How the wheel has turned for fashion advertising – even in the last year since the pandemic hit. As retailers worldwide have all become to rely more on digital channels to communicate with their customers, it sometimes pays to look back and appreciate how far things have come since the advent of fashion advertising in the early 20th century up until now. 

Before the big old world wide web the biggest player in advertising for fashion was the printed medium – everything from newspapers to magazines. In many ways we are seeing retailers and designers really grab a hold of their destinies by communicating their brand stories directly to the customer.

But back in the day – before surge of imagery and fashion photogreaphy became the norm, retailers really had to look after themselves in house. The same was true for Thomas’s who once had their very own illustrator. She would come to work and hand draw apparel for printed ads.

We talked to Michael Thomas – retail guru and grandson of the store’s founder J.E. Thomas – about what things were really like before Facebook and Instagram:

Advertising has changed at Thomas's over the years, hasn't it? As far as imagery is concerned?

"Well, the whole world has changed, and retailing adapts significantly. Originally, we had an artist here called Lily Wotton. And she used to sketch garments, and the express converted them into plates that they could print. And so, they formed the basis of the whole advertising and marketing campaign. So, yeah, a very different era, but in those days, it worked very well. Today, although it's still feasible to advertise like that, time has overtaken that sort of medium, and probably the cost too, because it would be an extremely expensive way of promoting goods."

How long would it take her to draw one outfit?

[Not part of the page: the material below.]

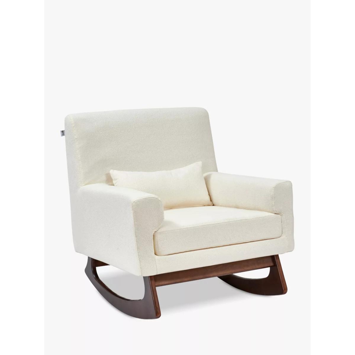 The Serena Bouclé collection features a soft, durable, textured fabric made with loops or curls of yarn. Visually interesting, this tactile textured fabric offers greater warmth and durability to withstand regular wear and tear. Added to the classic styling of the Serena Rocking chair, the Boucle fabric lends depth and interest and an ultra-fashionable decor statement in your nursery or living space. The collection features a range of colours and for the first time, it also allows you to customise the look with your choice of Oak or Walnut finish legs.

"Oh, it probably took her a couple of hours. But she was very talented artist. A little bit eccentric, which often those sort of people are, but very, very talented. She lived at Renwick and she would come to work every day, and not only did she sketch the garments, but she also wrote a lot of copy."

 

 

How do you see the future of marketing heading?

"Well, the retail trade, particularly the apparel business in the part of the market where Thomas's operate, is a particularly tricky part of the business. And there's plenty of opportunities now, and there will be into the future, but it requires a great deal of skill because it's a very competitive market. You've got to have the right people to operate, and over the years, Thomas's has adapted. That's why it's still in business. Quite frankly, there's not many businesses like Thomas's left in New Zealand."

 

 

Nowadays, a set of images created by a brand can be in the hands of retailers within minutes thanks to the digital age. And more and more the expectation is that brands and retailers support each other as much as they can in communicating a new collection. Designers typically provide what retailers call ‘collateral’ support for their new collection before it hits the racks and shelves of a store in the form of imagery or videos and the like. And the store now uses that collateral for their advertising or website.

 

 

"Yeah, 100%. And in today's terms, if you don't have it, you're going to get left behind." Says Hamish Thomas. "And days gone by where we had to photo-shoot our own models or have staff create the marketing materials, those days are gone. It's like, it's still fine to go and do it. But it's the norm nowadays that the brands handle the collateral for retailers like us, so we can use it to market their product."

"If you look at most millennials, 27% of purchases are still done on a phone." Says Hamish. "It's not like they're sitting down at their desktop computer either. That's still being done, but generally people have got phones with them 24/7. And be able to send stuff out to a mobile device, through Instagram, Facebook, different forms of media, that's where everything's going. And you'd be able to click on those images, see what you like and then you buy it."

So things have changed. In some ways for the better - life is little more efficient. But it's still romantic to consider the good old days when everything was done in house and driven by a handful of talented people.